Each graph component is associated with a unique integer key which is deterministically consistent throughout an application's lifetime. Since a graph may be partitioned into different portions running on different machines, we use these keys to enable partial execution and decide which component goes to which partition.

Vertex

Vertex represents a persistent storage to interact with incoming and outgoing streams. It has a constructor-like callback to synchronize adjacent streams, and a public std::any object to store application-specific data. This is similar to C-style void* but safer in type conversion.
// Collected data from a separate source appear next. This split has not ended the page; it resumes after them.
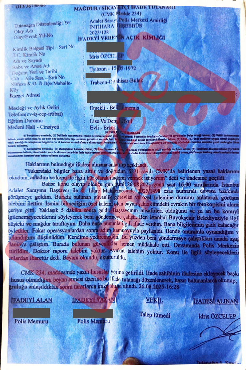 CHP lideri Özgür Özel’in kamuoyuna taşıdığı “Çağlayan’da gizli tanık intihara kalkıştı” iddiasının ardından, intihar girişiminde bulunan İdris Özcelep’in polis ifadesi ortaya çıktı; Özcelep, kendisine kimliğinin gizli tutulacağı sözünün verildiğini, ancak adının kamuoyuna yansımasıyla “onurunun zedelendiğini” ve bu nedenle intihara teşebbüs ettiğini söyledi.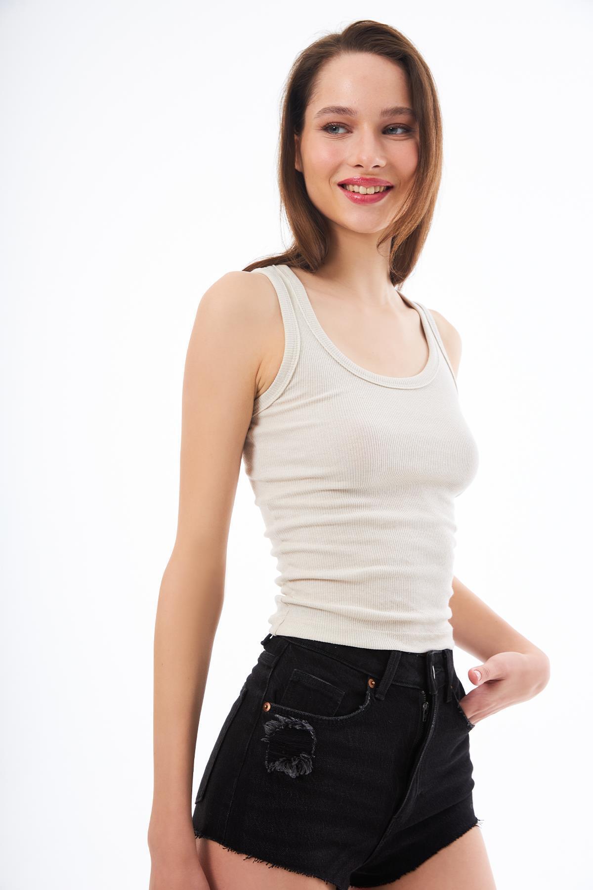 Bej Pamuklu Kalın Askılı Fitilli Kadın Atlet Bej Pamuklu Kalın Askılı Fitilli Kadın Atlet CTNHLL1761N XL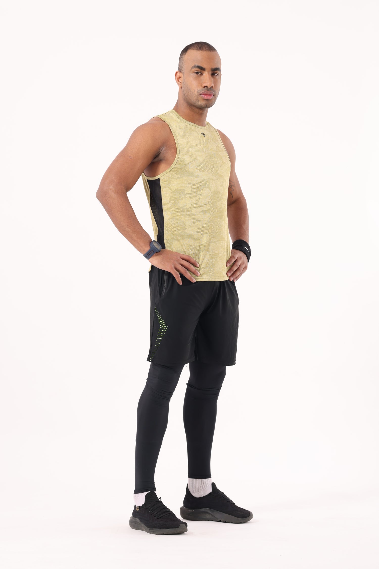 Drizone Self Jacquard Panel Tank Top – Sleeveless Performance Wear - Yellow
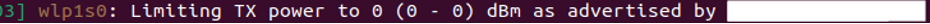 Bingo! “Limiting TX power to 0 (0 – 0)” is now shown in dmesg! We were able to fake a beacon management frame to tell the client to reduce their wireless card’s transmit power to 0 (“Tx-Power=0 dBm” below).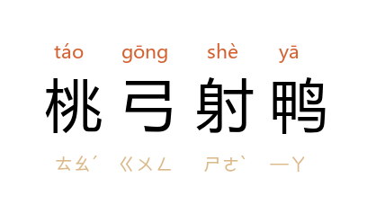 引唐 孟郊 《送淡公》诗之四:“笑伊水健儿,浪战求光辉。不如竹枝弓,射鸭无是非。”射鸭,一种水上游戏。竹枝弓,即桃竹弓。后因以“桃弓射鸭”指隐士的闲逸生活。 宋 苏轼 《读孟郊诗》诗之二:“桃弓射鸭罢,独宿短蓑舞。”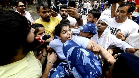 Some of India’s top wrestlers, led by Vinesh Phogat, Bajrang Punia, and Sakshi Malik, were detained by Delhi Police on Sunday, May 28, after they had been stopped from marching towards the new Parliament building from their site of protest at Jantar Mantar. The Wrestlers, who have been demanding the arrest of the Wrestling Federation of India (WFI) president and BJP MP Brij Bhushan Sharan Singh over allegations of sexual harassment by at least seven women wrestlers (including a minor), wanted to hold a women’s Maha Panchayat in front of the new Parliament building.
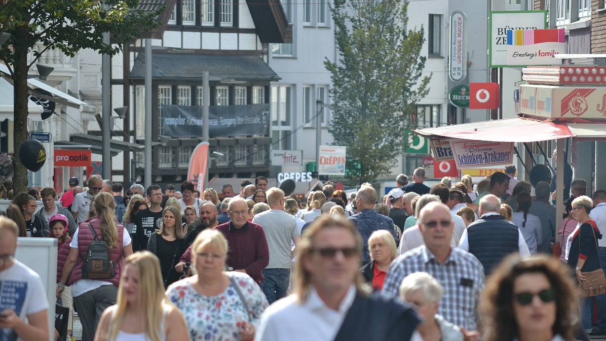 An diesem Verkaufsoffenen Sonntag im Herbst 2018 war es richtig voll in der Bünder Innenstadt. | © Katharina Eisele

You can access a particular input stream or output stream at a vertex given a stream key. In most situations, we only obtain the output stream from a vertex to write data. The source code of vertex can be found in include/dtc/kernel/vertex.hpp and src/kernel/vertex.cpp. The code below shows a list of common methods to call from a vertex.

class Vertex {
  const key_type key;  // key of this vertex
  std::any any;        // store your data of any types

  std::shared_ptr<InputStream> istream(key_type key) const;
  std::shared_ptr<OutputStream> ostream(key_type key) const;

  void remove_ostream(key_type key) const;
  void remove_istream(key_type key) const;
  
  template <typename... T>
  void broadcast(T&&...) const;
  
  template <typename K, typename... T>
  void broadcast_to(K&& keys, T&&...) const;
};

Most methods are easily understandable by their names.

Performing stream operations through a vertex only makes sense for adjacent streams. We skip those operations not belonging to the vertex. Closing one end of a stream will automatically force the other end to close. When a stream is closed, accessing it will return nullptr.

Example: Access a Output Stream at a Vertex

The example below writes an integer 123456 through the output stream key at the vertex v, and then closes the stream.

auto callback = [key] (dtc::Vertex& v) {
  if(auto os = v.ostream(key); os) {
    (*os)(123456);
    v.close_ostream(key);
  }
  else {
    std::cout << "stream " << key << " doesn't exist or is closed\n";
  }
};
Example: Broadcast at a Vertex

The example below writes an integer 123456 through all output streams at the vertex v.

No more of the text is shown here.